沖縄県(0.389kha / 前月比 +3.457% / 平均比 +2.819%)
冬季収穫が可能な南国型の特色を持ち、北海道とのリレー出荷でバランスを図る産地。今月は3.457%の増加で堅調。台風リスクはあるものの、高単価が見込めるニッチなポジションを維持。

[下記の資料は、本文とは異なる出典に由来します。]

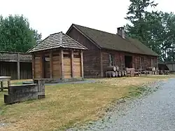 The first Europeans to stay in the area permanently were the traders of the Hudson's Bay Company (HBC). In 1827, Fort Langley was built on the banks of the Fraser River, in the area now known as Derby Reach. It was one of a string of trading posts built along the Pacific Coast to compete with American fur traders for the rich pelts available in the region. Farming as well as cranberry and salmon exports soon replaced fur trading as the fort's primary source of income.

秋田県(0.347kha / 前月比不明 / 平均比 +2.514%)
寒冷地であるため晩成品種の栽培が中心。北海道とともに、貯蔵性の高い南瓜の需要を担います。産地全体として高齢化の影響も受けつつ、出荷体制は維持されています。
南瓜栽培を巡る現代的課題
気候変動と収量不安定化
極端な高温、長雨、台風などにより、開花・結実不良や病害虫のリスクが増大。露地栽培の割合が高いため、気象の影響を直接受けやすい傾向があります。
高齢化と栽培技術の継承
特に北海道以外の地域では小規模経営が多く、後継者不足が深刻。機械化が難しい地形や人手のかかる手入れ作業が敬遠されがちです。
輸入品との価格競争
ニュージーランド、メキシコなどからの輸入南瓜は安価で流通量も多く、国産品の価格競争力を脅かしています。特に加工業者の選択肢としての比重が増しています。
今後の展望と推移予測
リレー出荷体制の最適化
北海道〜九州〜沖縄という南北縦断型の供給体制をさらに強化し、年間を通じて安定供給を実現することが鍵となります。
高付加価値品種の育成とブランド化
ホクホク感・甘味・栄養価の違いを際立たせた品種開発や「かぼちゃスイーツ」など新たな需要喚起を目指す動きが求められます。
スマート農業と省力化技術の導入
ドローンによる防除、自動収穫支援機器、AIによる成育診断など、新たな技術が農家の負担軽減と品質向上の両面で効果を発揮しつつあります。
輸出と観光農業への展開
東南アジアなどでは日本産南瓜の評価が高く、輸出拡大と観光農園との連携(収穫体験など)も今後の可能性として注目されています。